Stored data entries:
*** Block opens ***

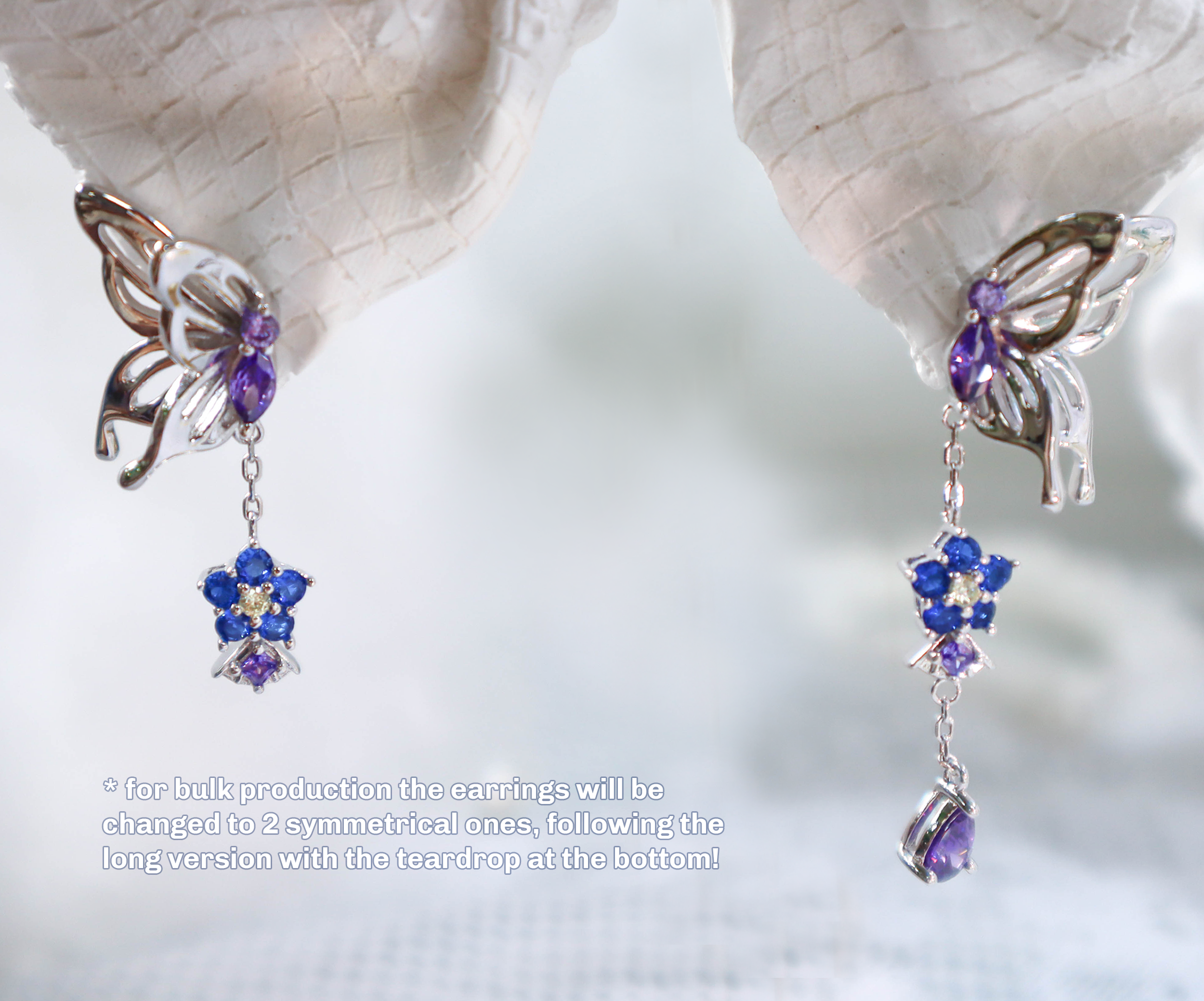 NOTE: For the earrings sample pictures here they are asymmetrical but for the actual products sent they will be 2 long symmetrical ones (with the teardrop at the bottom)!!
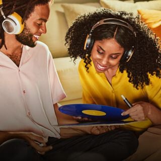 A couple listening to music while using an IQOS device.
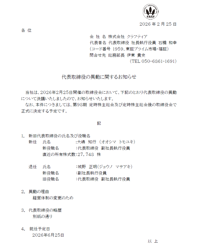 株式会社クラフティア(福岡市中央区天神)は2026年2月25日、同日開催の取締役会で取締役の異動を決議したと公表しました。公表時刻は15時06分で、異動の具体的な氏名や人数などは現時点で本文から確認できません。
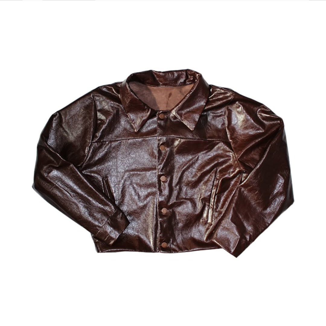 Calf leather jacket (pants not shown) made with 100% calf leather and copper metal buttons. Boxy work jacket fit
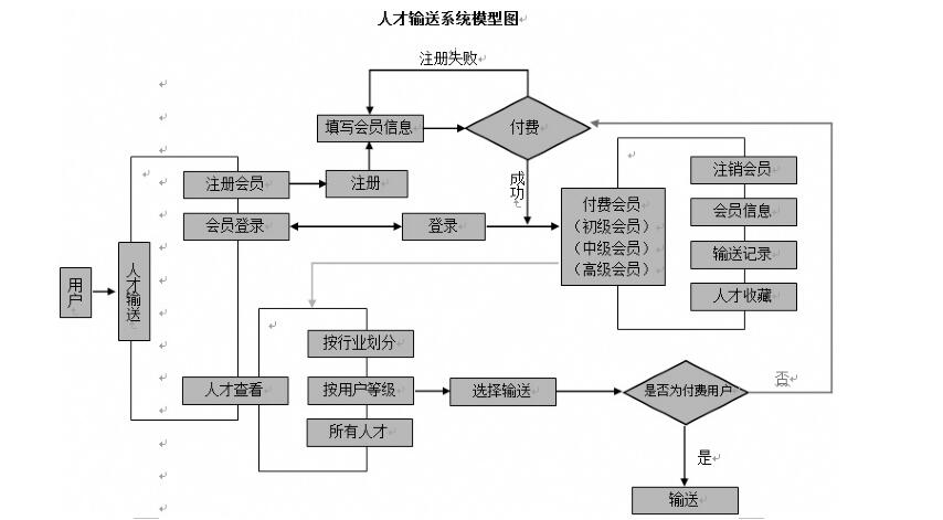 (3)人才輸送等級用戶人才庫用戶分為初級會員、中級會員、高級會員共3個等級。注冊成為普通用戶后,通過付費即可成為相應(yīng)等級的用戶。初級會員可以輸送初級工程師,中級會員可以輸送中級工程師,以此類推。成為會員后具有收藏、查看輸送記錄等功能。好了,
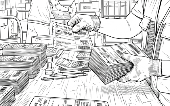 ⑪ 출력된 실물 송장의 개수를 확인 합니다.
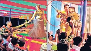 चली शामियाना में तोहरा चलते गोली… गीत पर दो बार बालाओं ने नृत्य शुरू किया तो वहां तैनात बरियारपुर थाना का कांस्टेबल राजेश कुमार बेकाबू हो गया. हर ठुमके पर वह स्टेज के नीचे से बार बालाओं को पर्स से रुपये निकाल कर देने लगा.
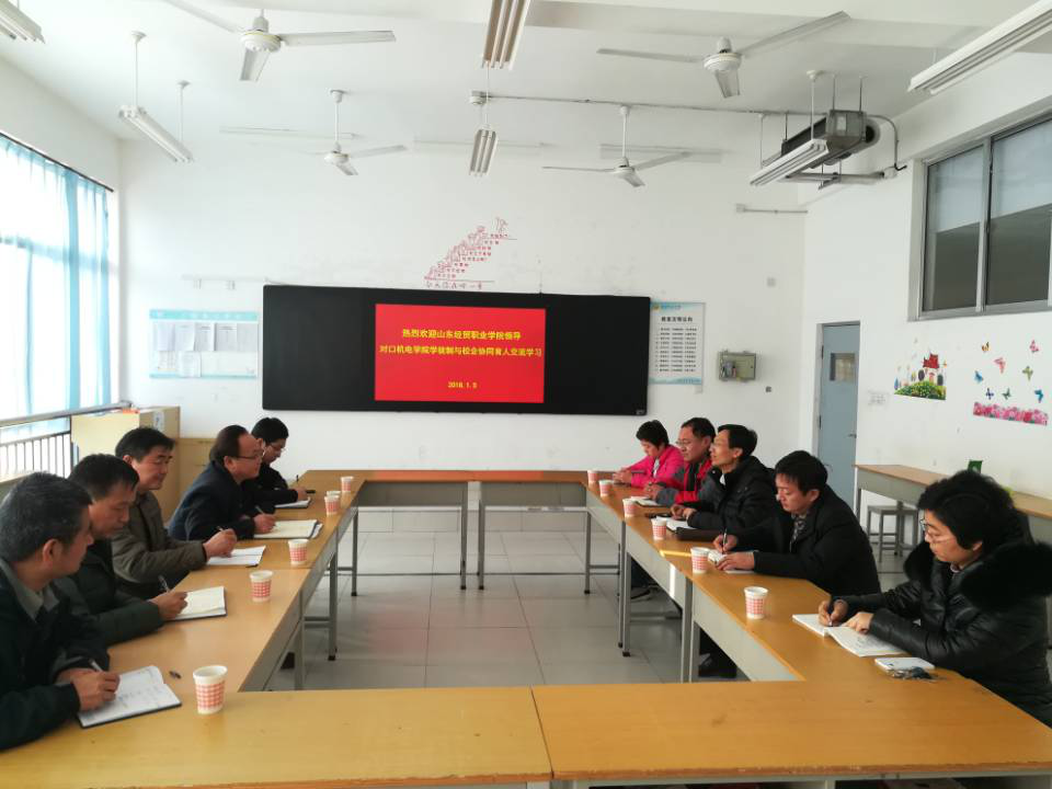 1月5日下午,山东经贸职业学院商务工程系高中玖主任一行5人来机电工程学院对口现代学徒制与校企协同育人交流学习。机电工程学院相关同志进行了热情接待。
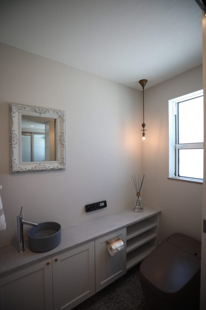 1階のトイレや洗面脱衣室には、エキゾチックなイスラム模様のタイルが敷き詰められています。洗面台やトイレのカウンターは造作で、白を基調にゴールドのツマミを統一。可愛らしさと品の良さが融合したデザインが特徴です。

*** Block closes ***

§ Work to complete
Only lines belong in the copy, not pictures: write out exactly the lines of the records from the first through the one holding "⑪ 출력된 실물 송장의 개수를 확인 합니다.".

§ Answer for the task
 NOTE: For the earrings sample pictures here they are asymmetrical but for the actual products sent they will be 2 long symmetrical ones (with the teardrop at the bottom)!!
 A couple listening to music while using an IQOS device.
 株式会社クラフティア(福岡市中央区天神)は2026年2月25日、同日開催の取締役会で取締役の異動を決議したと公表しました。公表時刻は15時06分で、異動の具体的な氏名や人数などは現時点で本文から確認できません。
 Calf leather jacket (pants not shown) made with 100% calf leather and copper metal buttons. Boxy work jacket fit
 (3)人才輸送等級用戶人才庫用戶分為初級會員、中級會員、高級會員共3個等級。注冊成為普通用戶后,通過付費即可成為相應(yīng)等級的用戶。初級會員可以輸送初級工程師,中級會員可以輸送中級工程師,以此類推。成為會員后具有收藏、查看輸送記錄等功能。好了,
 ⑪ 출력된 실물 송장의 개수를 확인 합니다.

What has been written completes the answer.